╭──

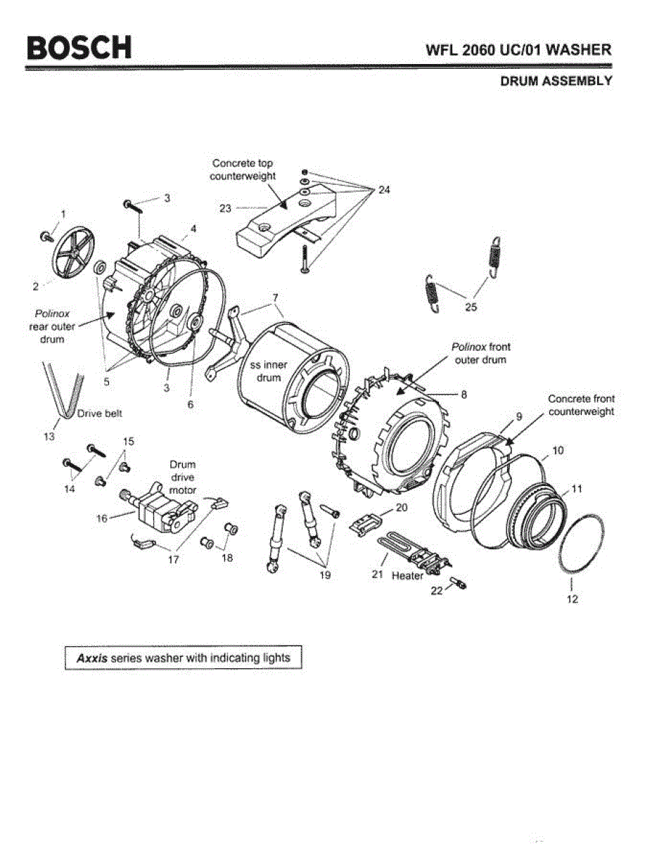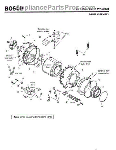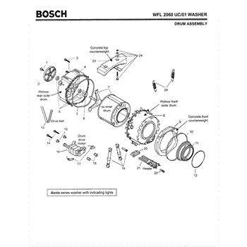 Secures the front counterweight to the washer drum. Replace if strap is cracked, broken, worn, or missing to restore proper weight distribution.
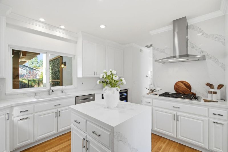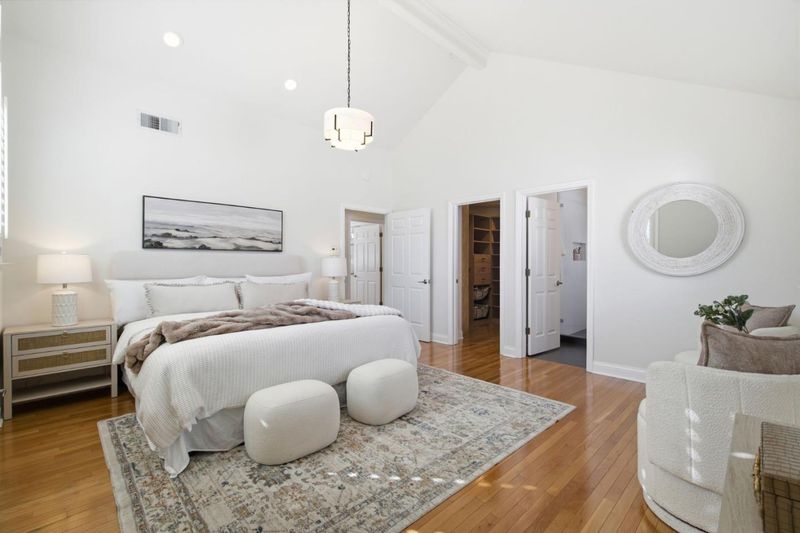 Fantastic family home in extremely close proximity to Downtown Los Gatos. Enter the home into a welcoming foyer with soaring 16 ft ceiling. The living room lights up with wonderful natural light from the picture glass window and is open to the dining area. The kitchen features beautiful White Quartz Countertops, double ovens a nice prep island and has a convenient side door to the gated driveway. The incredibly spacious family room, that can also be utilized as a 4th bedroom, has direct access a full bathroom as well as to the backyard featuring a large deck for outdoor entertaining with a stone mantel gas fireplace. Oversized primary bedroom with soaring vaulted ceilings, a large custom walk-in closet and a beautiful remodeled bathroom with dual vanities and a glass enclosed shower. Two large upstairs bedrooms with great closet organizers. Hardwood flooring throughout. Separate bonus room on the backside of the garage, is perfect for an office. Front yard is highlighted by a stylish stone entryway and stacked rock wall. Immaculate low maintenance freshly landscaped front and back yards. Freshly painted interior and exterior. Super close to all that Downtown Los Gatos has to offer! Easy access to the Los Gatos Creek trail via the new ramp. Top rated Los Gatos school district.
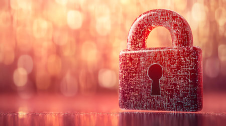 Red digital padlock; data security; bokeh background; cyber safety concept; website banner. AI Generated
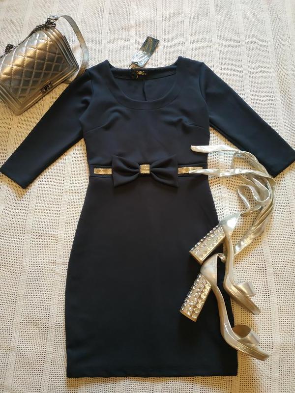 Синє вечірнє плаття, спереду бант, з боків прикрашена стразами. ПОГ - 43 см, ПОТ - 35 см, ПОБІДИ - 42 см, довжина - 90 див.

╰──

Return the whole of the material above exactly, with no picture carried over.

 Secures the front counterweight to the washer drum. Replace if strap is cracked, broken, worn, or missing to restore proper weight distribution.
 Fantastic family home in extremely close proximity to Downtown Los Gatos. Enter the home into a welcoming foyer with soaring 16 ft ceiling. The living room lights up with wonderful natural light from the picture glass window and is open to the dining area. The kitchen features beautiful White Quartz Countertops, double ovens a nice prep island and has a convenient side door to the gated driveway. The incredibly spacious family room, that can also be utilized as a 4th bedroom, has direct access a full bathroom as well as to the backyard featuring a large deck for outdoor entertaining with a stone mantel gas fireplace. Oversized primary bedroom with soaring vaulted ceilings, a large custom walk-in closet and a beautiful remodeled bathroom with dual vanities and a glass enclosed shower. Two large upstairs bedrooms with great closet organizers. Hardwood flooring throughout. Separate bonus room on the backside of the garage, is perfect for an office. Front yard is highlighted by a stylish stone entryway and stacked rock wall. Immaculate low maintenance freshly landscaped front and back yards. Freshly painted interior and exterior. Super close to all that Downtown Los Gatos has to offer! Easy access to the Los Gatos Creek trail via the new ramp. Top rated Los Gatos school district.
 Red digital padlock; data security; bokeh background; cyber safety concept; website banner. AI Generated
 Синє вечірнє плаття, спереду бант, з боків прикрашена стразами. ПОГ - 43 см, ПОТ - 35 см, ПОБІДИ - 42 см, довжина - 90 див.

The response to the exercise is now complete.